I have elsewhere argued that the imagination is less a
faculty of “invention” and innovation and more like a preconscious comportment
to the world—a tacit “understanding” of the world that is fundamentally aesthetic. I think this has important implications for
how the imagination is invoked in the encounter between theology and the
arts. On this alternative account, the
imagination is not a unique skill or capacity peculiar to artists; the
imagination is a fundamentally human “faculty” by which we orient
ourselves to the world. So while artists
are without question creative, that does not mean that they have
cornered the market on the imagination.
Instead of placing the imagination on the production side of art
(the inventive, creative pole), we should recognize the power of the
imagination on the reception side of art (though not only art): it is
our imagination that “receives” the work of art, and such works of art can (and
do) function as imagination-training-sites, formative encounters that both
appeal to—and “trigger”—the imagination while also shaping and forming our
imaginative horizons. (This has
extra-artistic implications as well.)
If a
Christian theological engagement with the arts is going to focus on the
imagination, I’m suggesting that this should be less fixated on the dynamics of
creativity and invention and more focused on the irreducible “know-how” (praktognosia) that is named by “the
imagination.” In that case, the
imagination will be an occasion for thinking about the dynamics of truth—the
unique, affective way that art tells the truth about the world rather than just
“expressing” my interior sincerity. Our
most powerful works of art are not just products of the imagination; the
truth they tell is truth fit to our imagination. They can only be understood on a “poetic
register,” can only be understood by the imagination. And that understanding is itself
irreducible.
If we
were to make that move, it would lead to a new Christian appreciation for what
I can only describe in a ham-fisted way as “formalism”—an appreciation for form
as truth. In Imagining the
Kingdom I get at this through Cleanth Brooks’ notion of “the heresy of
paraphrase.” Here I’d like to try a
different tack with a different medium—through an engagement with the films of
Wes Anderson, focusing on The Royal Tenenbaums as a case study. One could think of this as an
expansion of a terse footnote in Imagining the Kingdom (p. 48n.31).
I
should confess that this case study was prompted by Michael Chabon’s recentmeditation on Anderson’s oeuvre in the New York Review of Books. (Chabon’s essay is one of those
disheartening works of genius that make you lose any hope that you’ll ever be
able to write. “That’s it; I
quit. I’ll never be Michael Chabon.”) He looks to Anderson as both a chronicler of
brokenness and a quiet, humble evangelist for the hope that things might be
otherwise. “The world is so big, so
complicated, so replete with marvels and surprises,” Chabon observes, “that it
takes years for most people to begin to notice that it is, also, irretrievably
broken. We call this period of research
‘childhood.’” It is a difficult education.

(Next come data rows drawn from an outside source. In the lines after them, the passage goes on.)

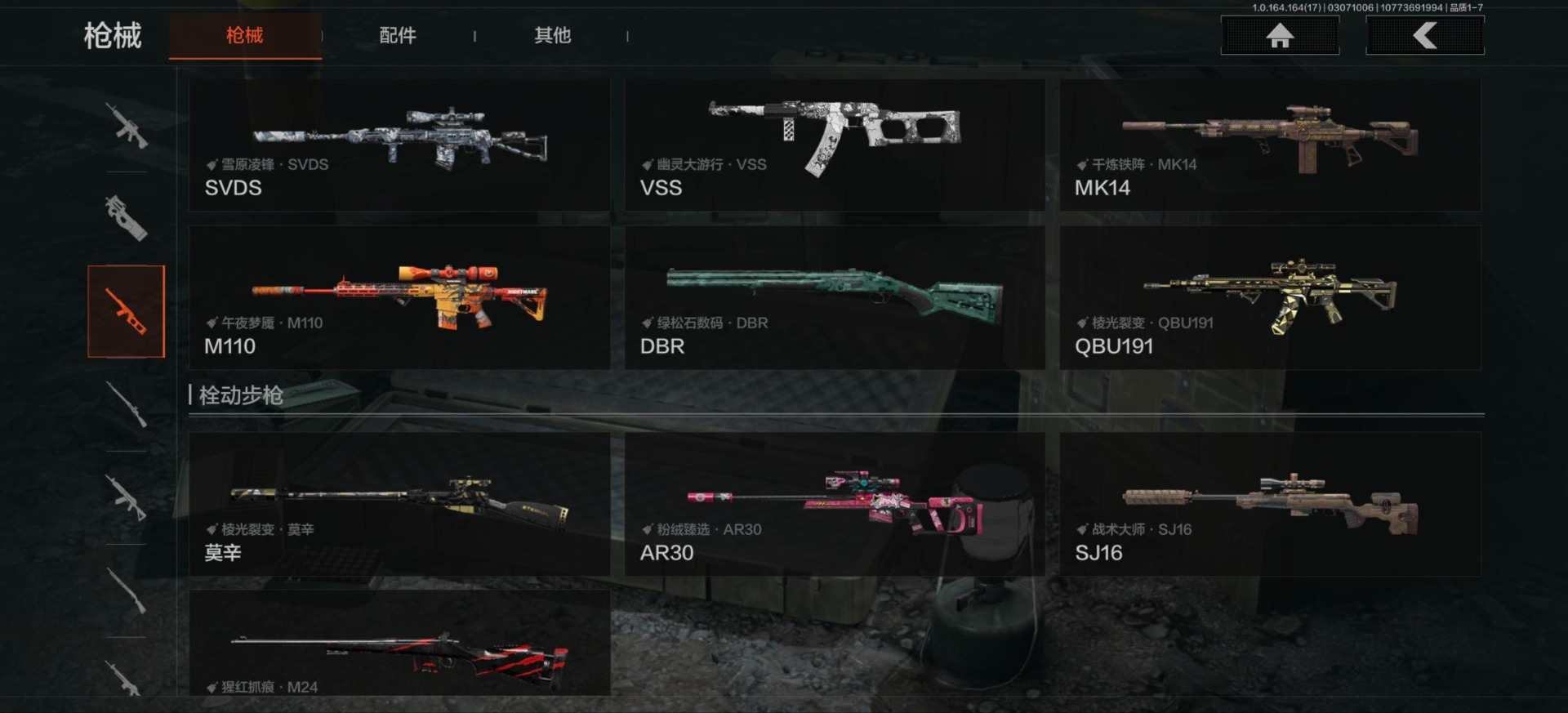 [17485455]实名: 可修改 柯恩币数量: 264603 仓库价值: 31 金枪数量: 7 角色装扮(金): 金红闪电套装 近战武器: 来战·开山刀,工兵铲,赢家匕首,热能武器·补牢,赤火炉心 金色枪皮: 旗帜·AEK,棱光裂变·QBU191,伦琴幻影·FAL,旧王圣谕·QBZ191,包络战术·AKM,镀火熔金·H416,千炼铁阵·MK14 紫色枪皮: 午夜梦魇·M110,雪原凌锋·SVD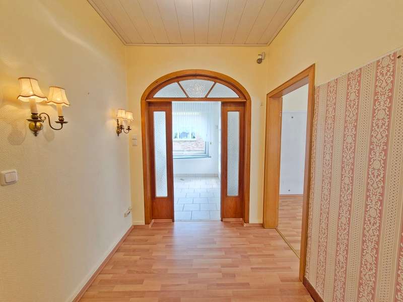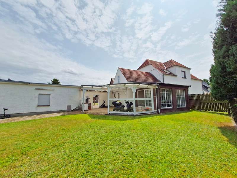 This charming 1-2 family house, built in 1934 in solid solid construction, is looking for a new owner. With the generous plot of land of approx. 842 m², a living space of approx. 181 m² and additional usable space of almost 97 m², this house is ideal for families looking for plenty of space. The house has a total of eight rooms, including four bedrooms - perfect for large families or multi-generational living. Two functional bathrooms provide comfort in everyday life: on the first floor there is a bathroom with shower and washbasin, complemented by a separate WC in the hallway. An inviting gallery with access to the balcony awaits you on the upper floor. In addition to a total of 3 possible bedrooms, there is also a bathroom and further expansion potential for a kitchen, a study or a large spa bath, for example. This means that the upper floor could also be used as a separate living unit for parents or children. The heating system was renewed in 2005 and reliably provides cozy warmth. A special highlight is the conservatory, which was added in 1985 and provides a light-flooded and pleasant atmosphere all year round. The low-maintenance garden with a covered terrace and veranda invites you to relax and linger outdoors. There is a large garage with space for 4 vehicles, which is accessible from both the courtyard and the garden. The cellar under the main house offers additional storage space and a variety of uses. Despite the quiet location, the house is well connected to the modern infrastructure, including fiber optic connection for fast internet connections. The building is in need of modernization, but offers enormous potential to upgrade it according to your own ideas. The stable, white plastered structure forms a solid basis for individual design measures. Arrange a viewing appointment now to see for yourself the many possibilities this property offers. Take the opportunity to acquire a house with history and future potential. We will also be happy to provide you with a virtual tour of the house.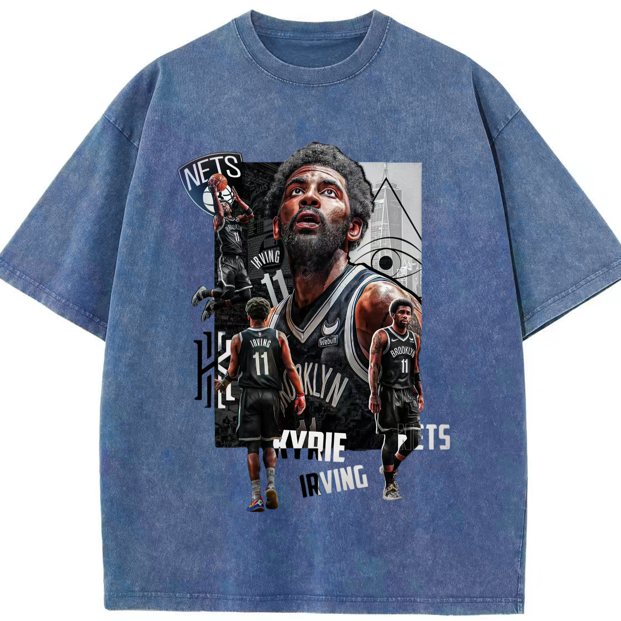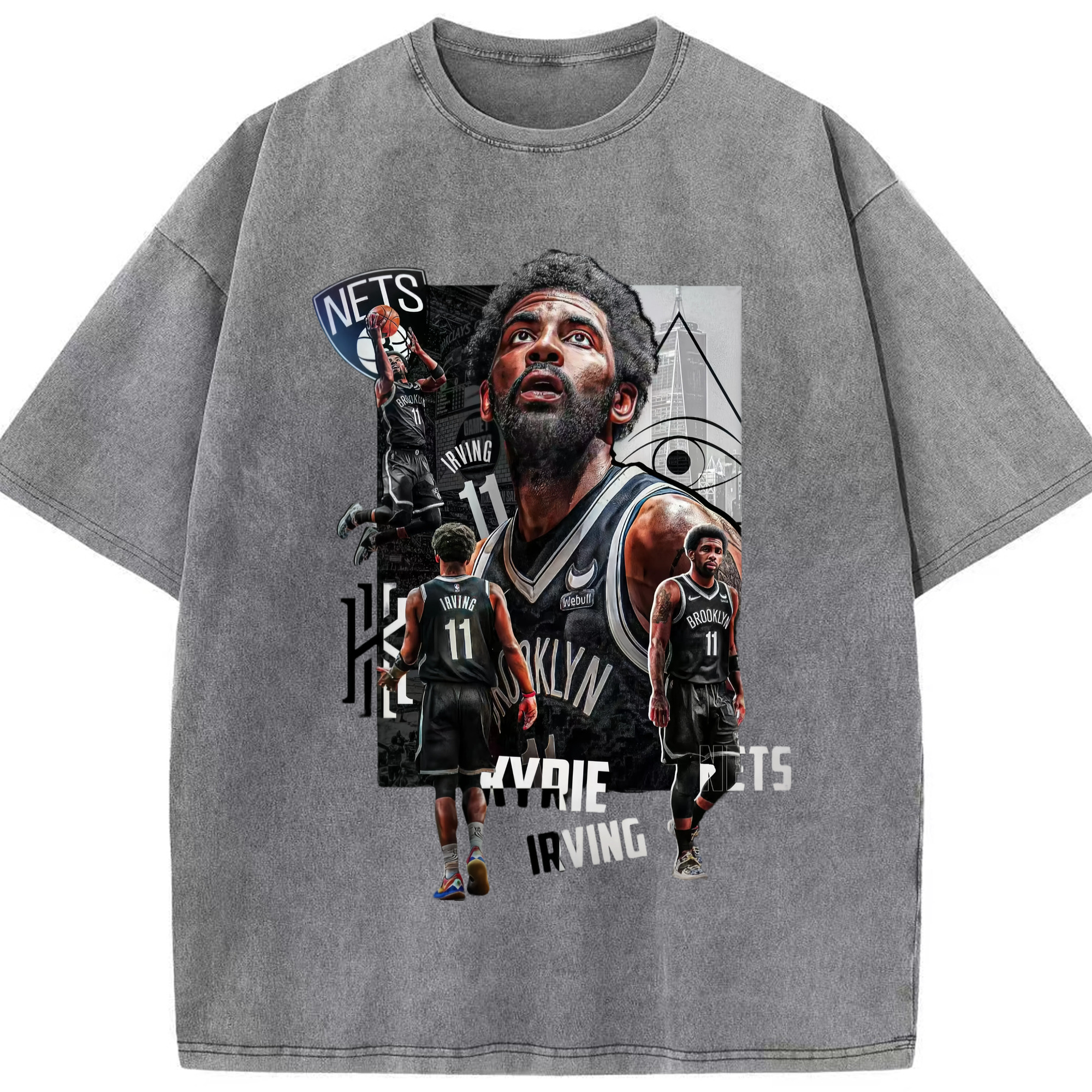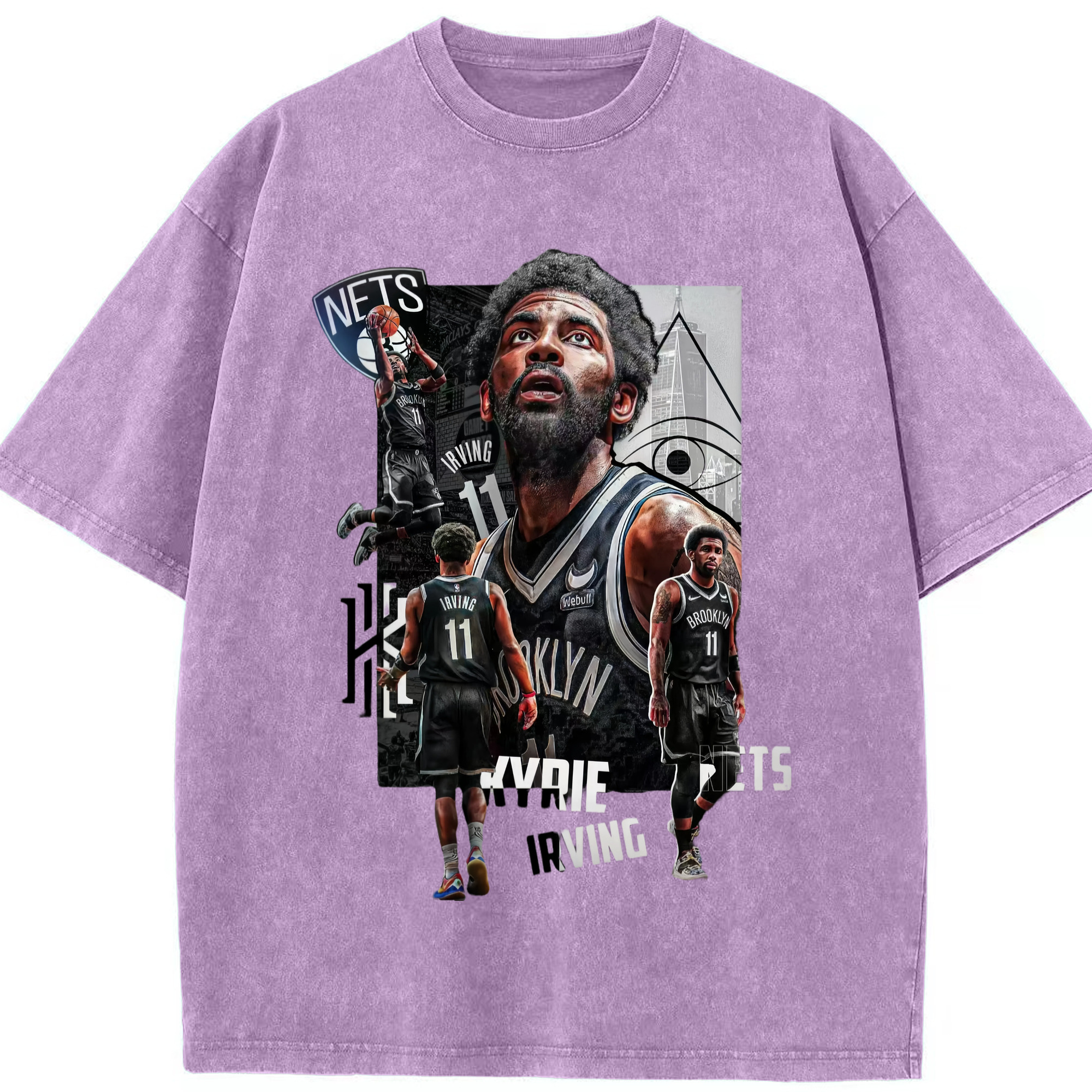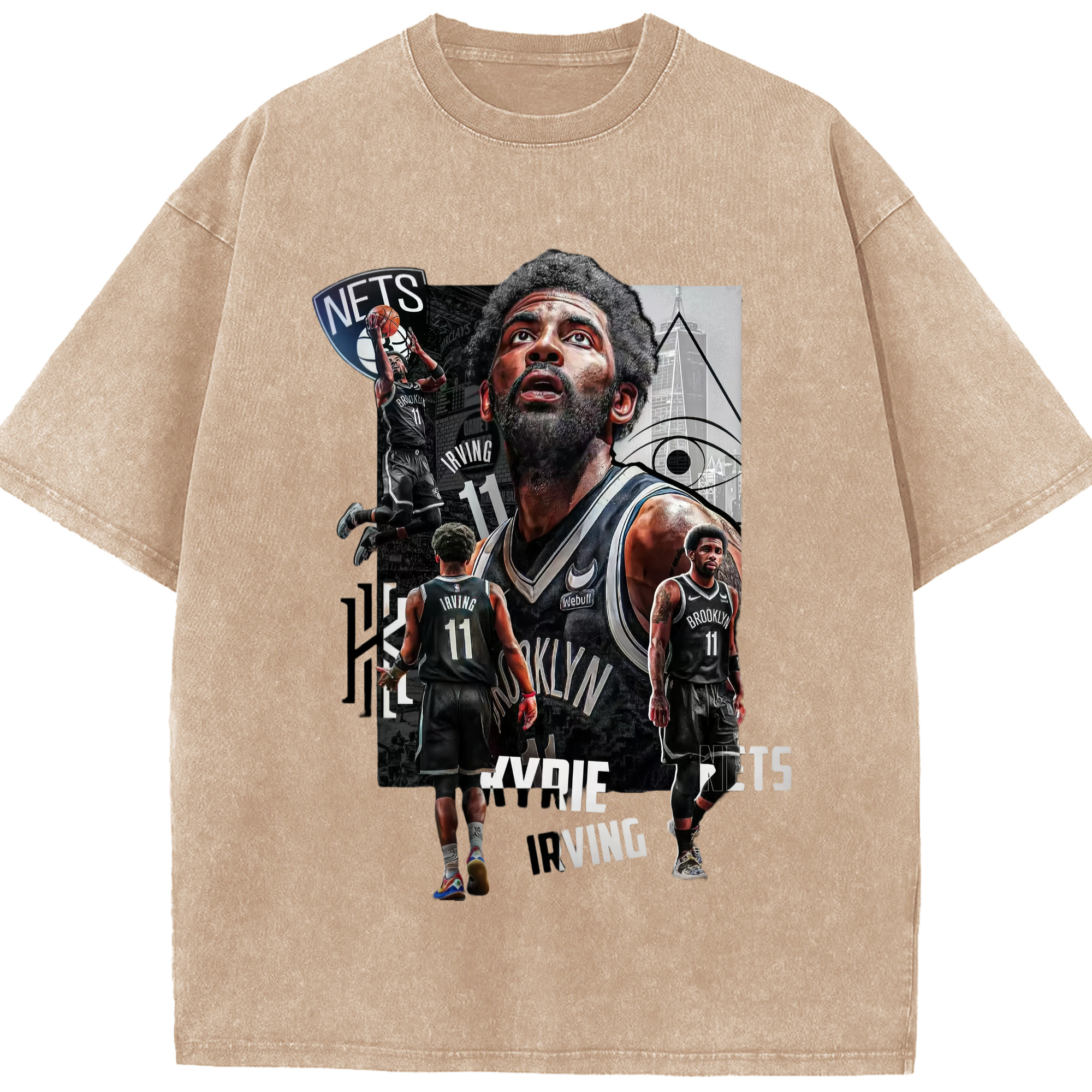 Kyrie Irving Nets T‑shirt - Washed Vintage Look 230g Cotton Oversized T-Shirt With Front Heat Transfer Print – Soft, Lightweight, Stylish Fit – Comfortable Casual Wear For Sports & Everyday Use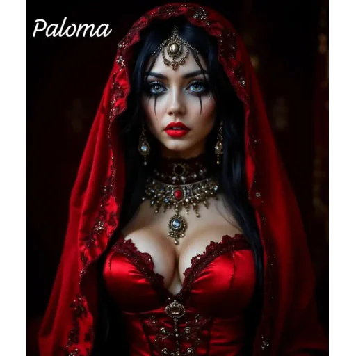 Mulher com longos cabelos pretos e olhos escuros, vestindo um traje vermelho com véu, joias e uma peça de adorno na testa. O nome 'Paloma' aparece no canto superior esquerdo.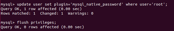 mysql> update user set plugin='mysql_native_password' where user='root';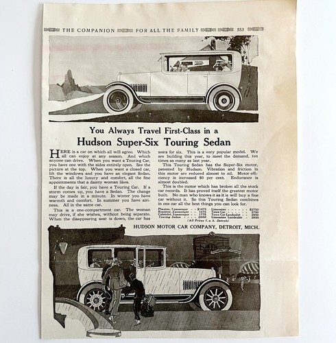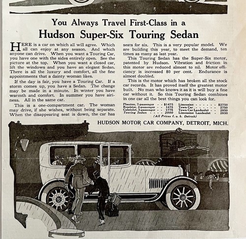 - 1916 Hudson Super Six Automobilia Advertisement Touring Sedan 10.5 x 8" LGADYC3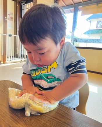 力を入れすぎると平らになってしまう為、「優しく、優しく…」と慎重に握る姿がとても可愛らしかったです💕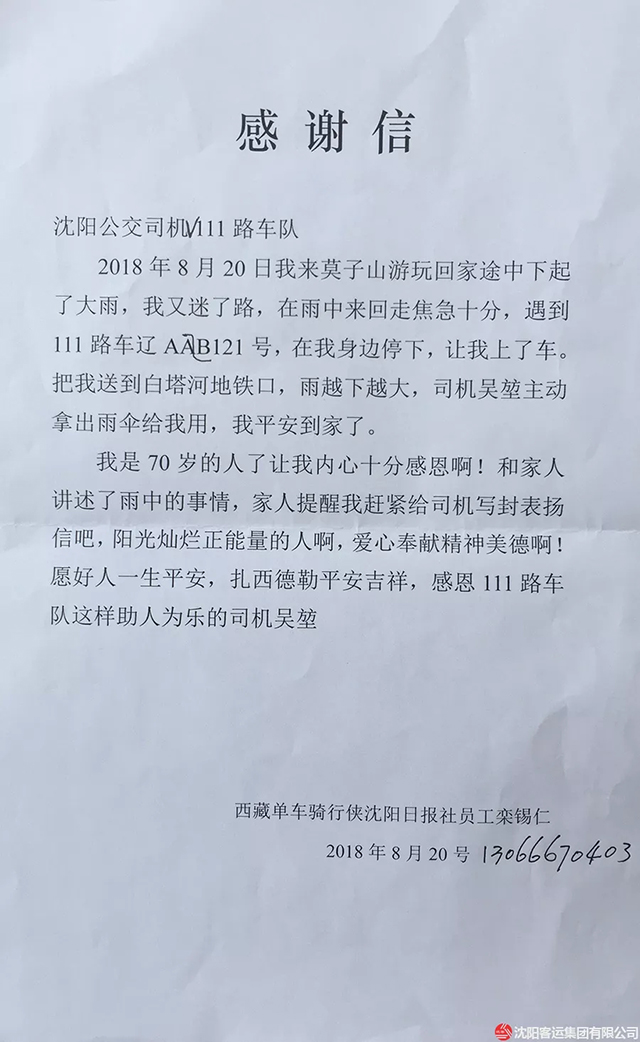 27日一大早,老人來到了鑫暢公司V111車隊(duì),送來了一封感謝信!見到吳坤第一句話就說:“太感謝你了小伙子,如果你那天沒看見我,不送我坐地鐵回家,我今天一定不會安好的站在這里…”說著老人流出了感激的淚水。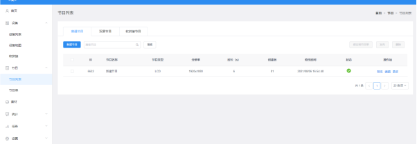 點(diǎn)擊【節(jié)目】,進(jìn)入到節(jié)目列表,可對(duì)節(jié)目重命名、預(yù)覽、編輯、復(fù)制、發(fā)布、歷史記錄、節(jié)目創(chuàng)建者、修改時(shí)間等操作,如果節(jié)目比較多,可以在節(jié)目名稱后面的文本框輸入關(guān)鍵字,點(diǎn)擊“查詢”按鈕即可,圖3-1。圖3-1節(jié)目列表?ID:節(jié)目的ID;?節(jié)目類型:創(chuàng)建節(jié)目時(shí)選擇的設(shè)備類型;?節(jié)目名稱:創(chuàng)建節(jié)目的名稱;?分辨率:創(chuàng)建節(jié)目的模擬顯示屏的大小;?時(shí)長(zhǎng):節(jié)目總時(shí)長(zhǎng);?創(chuàng)建者:創(chuàng)建節(jié)目的用戶名稱;?修改時(shí)間:最后編輯節(jié)目的時(shí)間;?狀態(tài):如果節(jié)目?jī)?nèi)容沒(méi)有暴力恐怖、色情違法或敏感詞匯,則為綠色圖標(biāo),AI一般可以審核通過(guò);否則為紅色,需要人工再審核才能通過(guò);?操作項(xiàng):可對(duì)節(jié)目預(yù)覽、編輯、重命名、GPS定點(diǎn)播放、播控...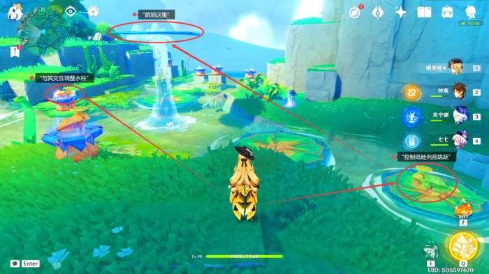 在此处可以看到一个「纸蛙跳远」解密,我们先与“水柱纸蛙”交互,让其调整水柱,接着按T指挥“荷叶纸蛙”连续跳到第二个荷叶上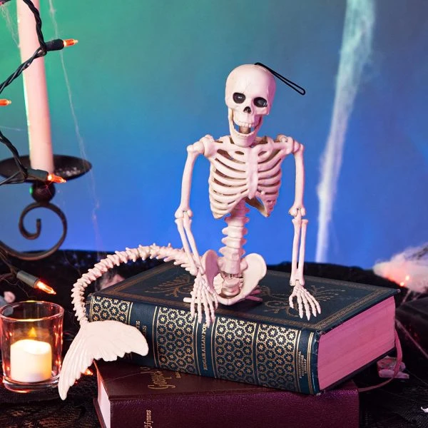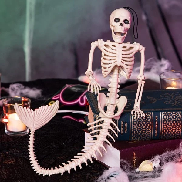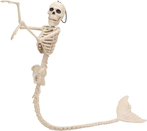 • Add this mermaid skeleton to a spooky Halloween scene! A great addition to your Halloween decorations, you can add it to your porch display and pose it in different settings or spook your Halloween party guests inside.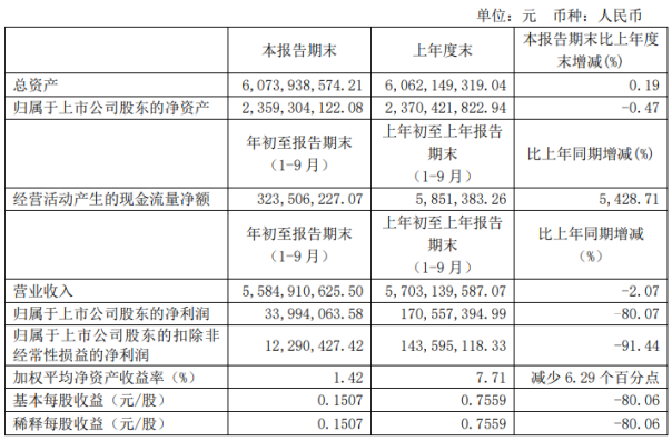 10月22日,銀川新華百貨商業(yè)集團(tuán)股份有限公司發(fā)布公告披露前三季度經(jīng)營情況。 公告顯示,公司前三季度實現(xiàn)營業(yè)收入55.85億元,同比下降2.07%;歸屬于上市公司股東的凈利潤3399.41萬元,同比下降80.07%;歸屬于上市公司股東的扣除非經(jīng)常性損益的凈利潤1229.04萬元,同比下降91.44%;基本每股收益0.1507元。 新華百貨于公告中稱,歸屬于母公司的凈利潤較去年同期下降80.07%,主要系公司本期受疫情影響,利潤減少所致。 截至三季度末,新華百貨總資產(chǎn)60.74億元,同比增長0.19%;歸屬于上市公司股東的凈資產(chǎn)23.59億元,同比下降0.47%。 資料顯示,新華百貨主要從事商業(yè)零售、物流和商業(yè)物業(yè)出租業(yè)務(wù),零售業(yè)務(wù)主要涉及百貨商場(含綜合購物中心)、超市連鎖及電器連鎖。 |

“Everyone, sooner or later, gets a thorough schooling in
brokenness. The question becomes: What
to do with the pieces?” Some hunker down
atop the pile of brokenness and “make do;” others take out their frustration by
breaking the fragments that remain. But
“some people,” he says, “passing among the scattered pieces of that great
overturned jigsaw puzzle, start to pick up a piece here, a piece there, with a
vague yet irresistible notion that perhaps something might be done about
putting the thing back together again.”
Wes Anderson, he argues, is one of those people.
Granted,
because we only get glimpses of how it’s supposed to be, “through half-closed
lids,” our efforts at rebuilding will be, at best, approximations: “A scale
model of that mysterious original, unbroken, half-remembered. Of course the worlds we build out of our
store of fragments can only be approximations, partial and inaccurate. As representations of the vanished whole that
haunts us, they must be accounted failures.
And yet in that very failure, in their gaps and inaccuracies, they may
yet be faithful maps, accurate scale models of this beautiful and broken
world. We call these scale models ‘works
of art.’”
Wes
Anderson is that kind of artist. As
Chabon goes on to highlight, Anderson’s films are often compared to Joseph
Cornell’s boxed collages that reproduce a world in miniature. Indeed, such miniature panoramas often appear
in Anderson’s films. But the entirety of Anderson’s filmic
aesthetic does the same thing: it is not a surrealist or fantastical invention
of a world so much as a re-framing of
our world. (And the framing is not just visual; soundtrack
is also essential. Cue Jeremy Begbie.)
Chabon captures this brilliantly:
“For
my next trick,” says Joseph Cornell, or Valdimir Nabokov, or Wes Anderson, “I
have put the world into a box.” And when
he opens the box, you see something dark and glittering, an orderly mess of
shards, refuse, bits of junk and feather and butterfly wing, tokens and totems
of memory, maps of exile, documentation of loss. And you say, leaning in, ‘The world!’”
I would
suggest that Anderson’s films tell the truth on the register of the imagination
in ways that we might not realize, or even be able to articulate, and yet
nonetheless feel. A Wes Anderson
film plays the strings of your imagination in a way that has you sort of
grinning and longing and smiling and mourning, all for reasons you know not
why; and yet you can’t stop. Chabon’s
essay helped me to excavate something of my visceral reaction to Anderson’s
2001 movie, The Royal Tenenbaums.
The
world of the Tenenbaum family, framed in this film, is certainly a broken world: an absent scoundrel
of a father who has abandoned his family; a son who is a young widower; an
adopted daughter who has always been “other;” a suicidal son who is in love
with her; and a dear family friend beset by addiction. There’s nothing pretty about this
family.
And yet
the movie is so oddly gorgeous. (I’ll
say more about the “oddly” in a moment.)
But its aesthetic does not beautify this brokenness; it doesn’t “pretty
up” fragmentation or paper over the horrors.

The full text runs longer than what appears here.